Once again, us normies appear to be taking this on board. I’m already starting to see couples walking around town with hands in each other’s jean pockets (extremely Noughties vibes). Meanwhile, on social media, partner soft launches are on the rise, wherein a person hints at a new relationship by posting an ambiguous photo that reveals their partner’s elbow resting on a table or their shoes just in frame. And once they’ve teased the relationship enough to followers, more people are filling their feeds with unabashed PDA. All the things we wouldn’t have dared post a few years ago – matching tattoos (I’ve checked this one off), make out photos on the grid, updates of date nights on stories – are cool again.

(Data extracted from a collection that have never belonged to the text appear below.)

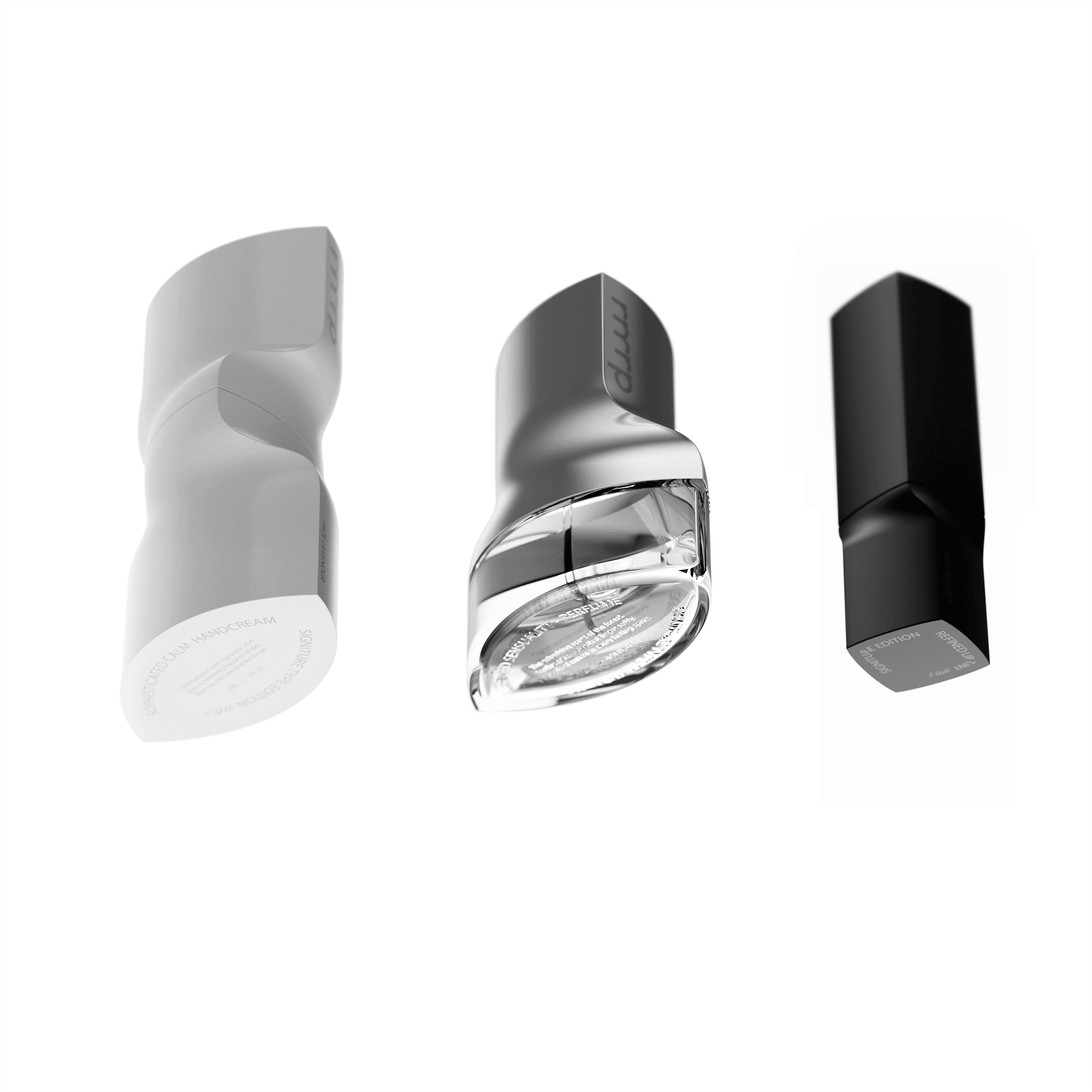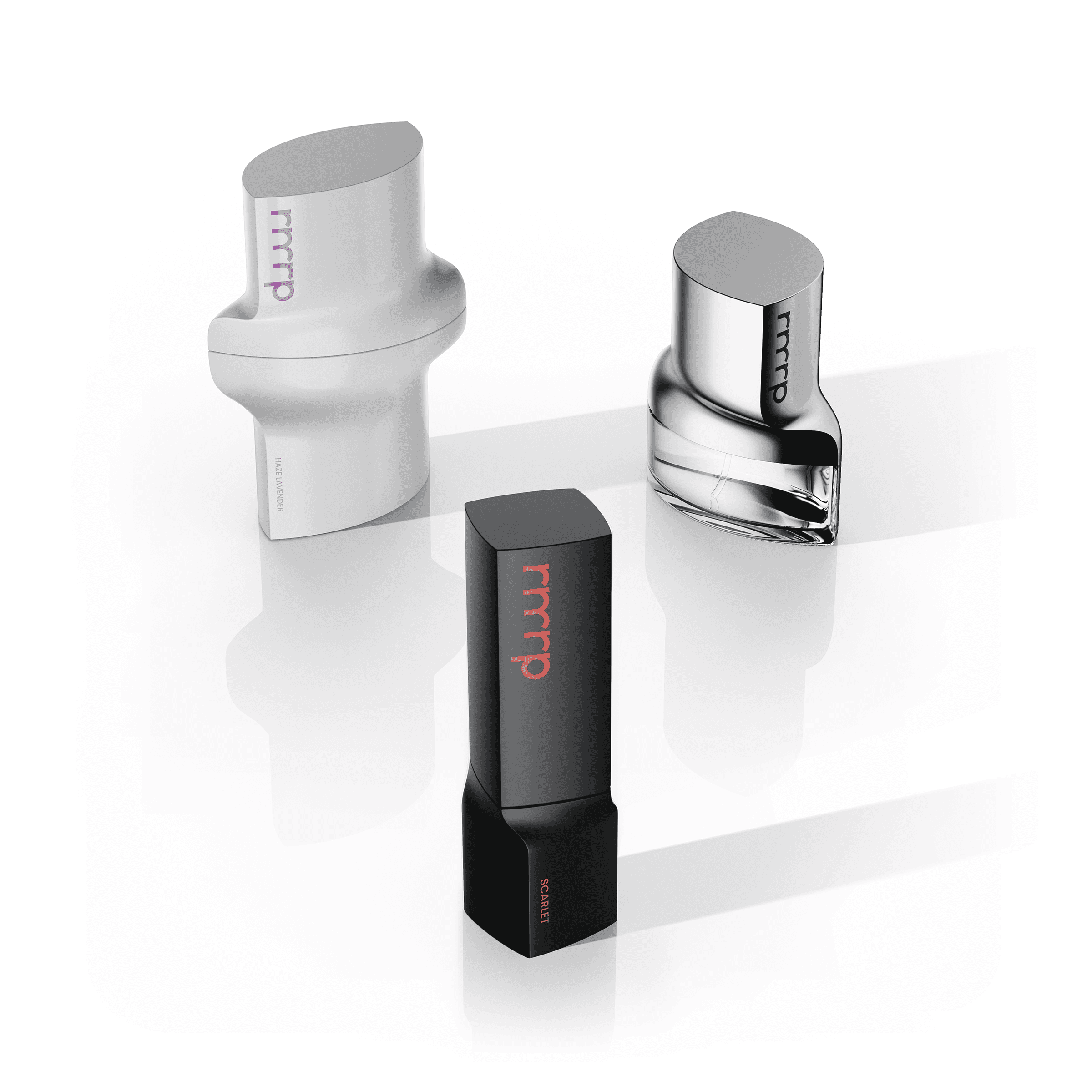 rmrp Cosmetics The new rmrp Beauty line delivers a sensorial experience beyond function through a smooth design flow. Just like textures that seep into the skin, fragrances that spread through the air, and colors that naturally seep into the lips, each product’s surface has a unique, sculptural beauty that changes. The surfaces capture and reflect light in unique ways, creating different sensations from every angle. Each of the three products has its own unique characteristics, yet they are perfectly connected through a unified design language. rmrp Perfume Elegant through sophisticated forms that reflect the way fragrances spread through the air. rmrp Hand Cream With a design that perfectly integrates form and function, the sculpted curves are designed to fit intuitively in the hand, providing a natural grip. rmrp Lipstick The shape flows smoothly and continuously, as if the color naturally seeps into the lips. A design that coexists with boldness and delicacy, capturing the essence of the color itself.
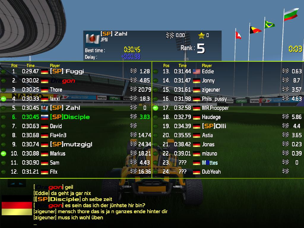 Ich mache mal den Anfang mit einem Screeni, der mir bei einer Multistrecke von "S-Dogg" auf dem Spieleplanet Server passiert ist. Ich bin zu weit gesprungen und bin außerhalb der Spielfeldfläche auf dem "Stadionparkplatz" gelandet .
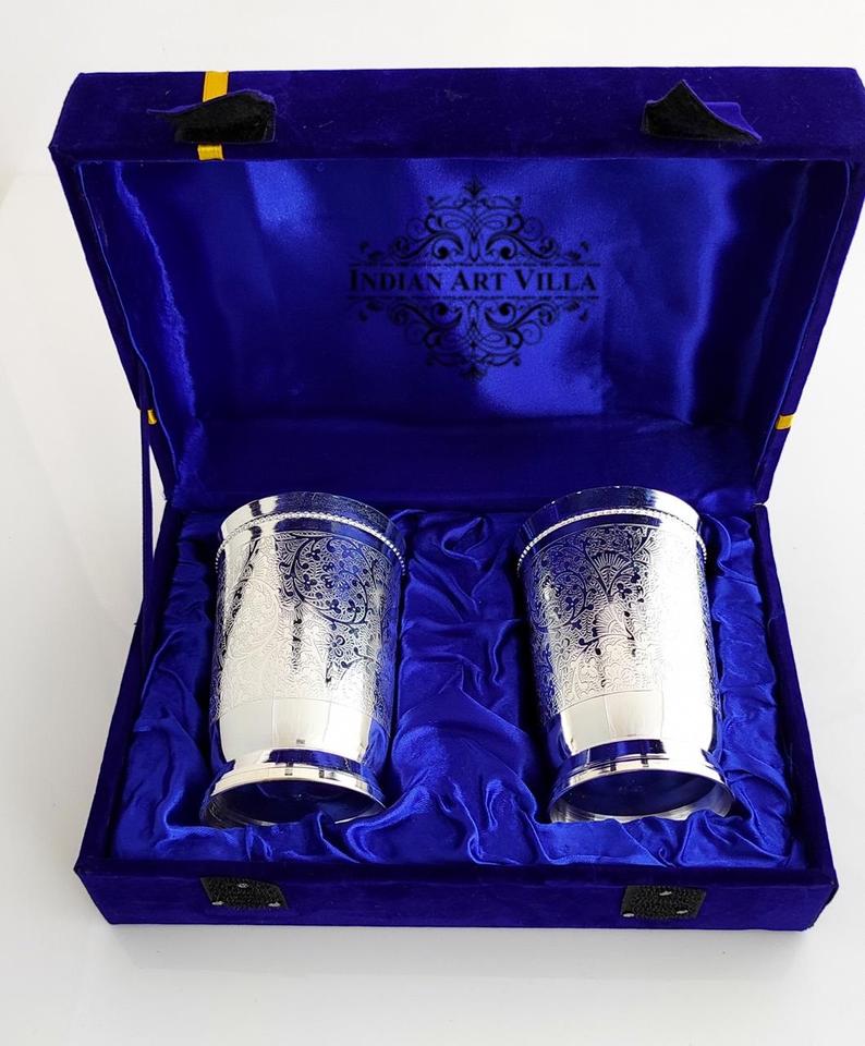India Art Villa Silver Plated Designer Glass Set of 2 with Blue Box, 260 ML-Tableware for Storage & Drinking

There’s something wholesome about the pandemic spawning a renaissance of power couples and the subsequent influx of romance into our own lives. As Brits, we’re a pretty miserable bunch, rarely willing to be so heart-on-the-sleeve vulnerable and so obviously, publicly in love.
But after an uncertain couple of years, it’s understandable that celebrities and Normal People alike are embracing the cosiness of long-term relationships. Whether you’ve found 2021’s power couples (and the PDA that came with it) cringey or exciting, this year’s romantic energy was undeniably about defiance and liberation, drowning out the notes of despair and anxiety we inherited from 2020. We’ve abandoned our pride and embraced full-on, soppy, disgustingly sincere, loud and proud romance. Gross.